Pada periode 1976-1996 batas miskin menggunakan standar lama (sebelum tahun 1998),
pada periode 1996-2004 batas miskin menggunakan standar 1988 yang disesuaikan
dengan pola konsumsi tahun yang bersangkutan. Oleh karena itu data pada baris tahun
1996 pada periode tahun 1976-1996 berbeda dengan data baris tahun 1996 pada periode
1996-2004. Jadi disini nampak tahunnya sama tetapi angka kemiskinannya berbeda,
karena standar yang digunakan berbeda.
Persentase penduduk miskin antar propinsi adalah bervariasi.
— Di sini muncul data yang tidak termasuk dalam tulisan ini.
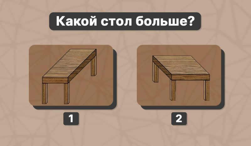 Оптические иллюзии умело обманывают наш мозг и искажают восприятие. Очень трудно не дать себя обмануть такому трюку. Однако люди с высоким интеллектом могут легко найти подвох. Если хотите проверить себя, вам точно понравится эта оптическая иллюзия - какой стол больше из предложенных на картинке.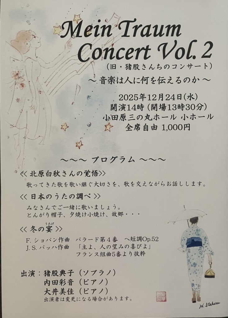 2023年春まで教室の講師だった五十嵐美和先生(現在仙台在住)が3月8日にソロコンサート、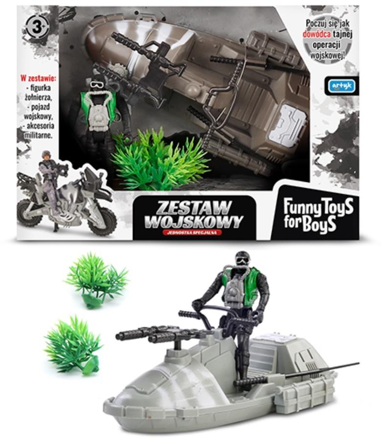 W ZESTAWIE: FIGURKA ŻOŁNIERZA OK. 11 CM., SKUTER WODNY, AKCESORIA WOJSKOWE, WYM. OPK: 24 X 17 X 7 CM., 3+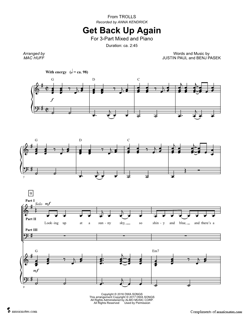 Many of the arrangements on Musicnotes have transpositions available, typically in C Major, as well as 3 sharps and 3 flats. If you do not see your desired key, you can request a transposition by reaching out to Customer Support.

Pada tahun 2003 dan 2004
persentase penduduk miskin (kota+desa) tertinggi terdapat di Papua yakni 39% dan
38,7%, menyusul di Maluku yakni 32,9% dan 32,1%. Hanya di dua propinsi ini yang
mempunyai penduduk miskin di atas 30%. Kemudian di Aceh yakni 29,8% dan 28,5%,
di Gorontalo yakni 29,3% dan 29,01%, di Nusa Tenggara Timur yakni 28,6% dan 27,9%,
di Nusa Tenggara Barat yani 26,3% dan 25,4%. Daerah propinsi lainnya mempunyai
persentase penduduk miskin di bawah 25%.
Daerah-daerah yang mempunyai persentase penduduk miskin paling rendah di tahun
2003 dan 2004 (kota+desa) terdapat di Jakarta yakni 3,4% dan 3,2%, menyusul di Bali
yakni 7,3% dan 6,9%, di Kalimantan Selatan yakni 8,2% dan 7,2%, di Sulawesi Utara
yakni 9,0% dan 8,9%, di Banten yakni 9,6% dan 8,6%, di Bangka Belitung yakni 10,1%
dan 9,1%, sedangakan daerah lainnya mempunyai penduduk miskin di atas 10%.
Batas kemiskinan tidak sama antar propinsi. Pada tahun 2003 dan 2004 batas kemiskinan
di kota di DKI adalah Rp.186.525 dan Rp.197.306 per kapita per bulan, inilah batas
kemiskinan tertinggi di daerah perkotaan. Menyusul di Riau yakni Rp.178.016 dan
Rp.198.075, dan paling rendah di Gorontalo yakni Rp.114.907 dan Rp.126.612 per kapita
per bulan.
$
Komentar Data Kemiskinan di Indonesia
Presiden RI menyampaikan Pidato Kenegaraan pada tanggal 16 Agustus 2006 di Jakarta
selama 73 menit, di dalamnya ada disampaikan tentang pengentasan kemiskinan. Ada
sembilan prioritas untuk tahun 2007, salah satu adalah penang-gulangan kemiskinan.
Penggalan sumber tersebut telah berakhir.